# removing prop shaft



## andy race (Jan 15, 2018)

Hello, been lurking and learning for a while, 1st post, fish big bend area of fl, Hommosassa area mostly and Yankee town. hit a rock and bent the prop shaft on a 2015 60 hp merc, i've rebuild lower units on mercs in the past but this is the new easy shift model and does not have that little ball I'm used to, anyone know of any trick to removing the shaft? lower unit removed and I've tried everything i can think of, any info appreciated.


----------



## DuckNut (Apr 3, 2009)

There is a plastic clip on the top of the shift shaft, rotate it up. Then it needs to slide one way or the other, I believe to the right.

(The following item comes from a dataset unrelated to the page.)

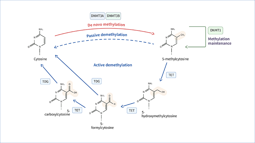 DNA甲基化通常抑制基因表達(dá),去甲基化則誘導(dǎo)了基因的重新活化和表達(dá)。這種DNA修飾方式在不改變基因序列前提下實(shí)現(xiàn)對(duì)基因表達(dá)的調(diào)控。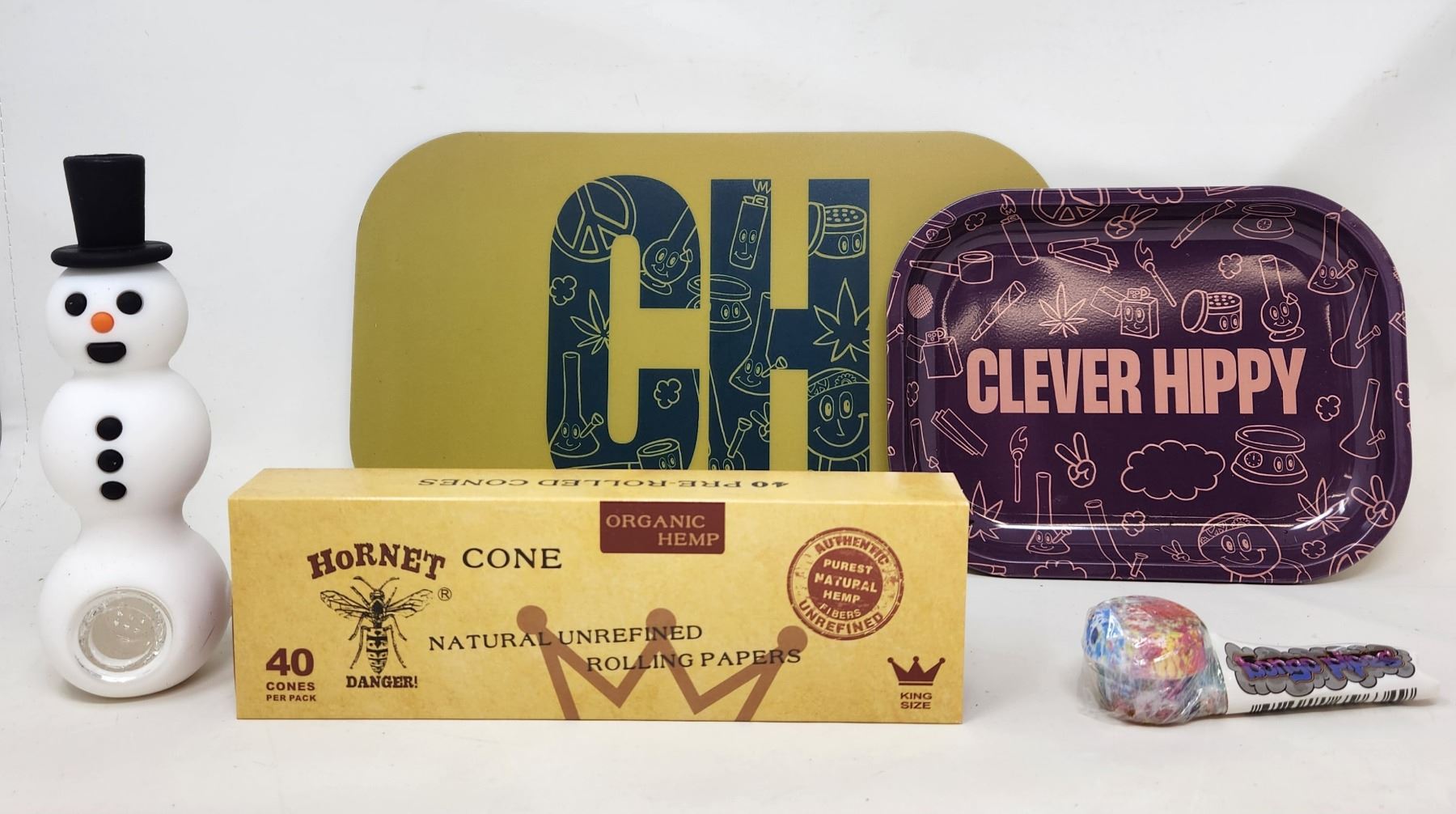 Snowman Pipe/Rolling Mat and tray/Hornet Hemp rolling papers/small pipe

Then the lower unit can be pulled out.

It is very hard to see that clip, may have to move some wires.


----------



## andy race (Jan 15, 2018)

thanks for reply, i was finally able to figure it out, had the shaft straightened by a machine shop for 45.00 in lieu of paying 600.00 for a new one. all back together , thanks again


----------



## SomaliPirate (Feb 5, 2016)

andy race said:


> thanks for reply, i was finally able to figure it out, had the shaft straightened by a machine shop for 45.00 in lieu of paying 600.00 for a new one. all back together , thanks again


What shop, if you don't mind me asking?


----------



## andy race (Jan 15, 2018)

TLC machine shop on north magnolia, they used to run Bi-lo's machine shop, elderly guys that know their stuff, i can get the exact address if that would help. really hard to find a good old fashioned machine shop now a days , this is in ocala fl. not sure where you are located.


----------



## SomaliPirate (Feb 5, 2016)

andy race said:


> TLC machine shop on north magnolia, they used to run Bi-lo's machine shop, elderly guys that know their stuff, i can get the exact address if that would help. really hard to find a good old fashioned machine shop now a days , this is in ocala fl. not sure where you are located.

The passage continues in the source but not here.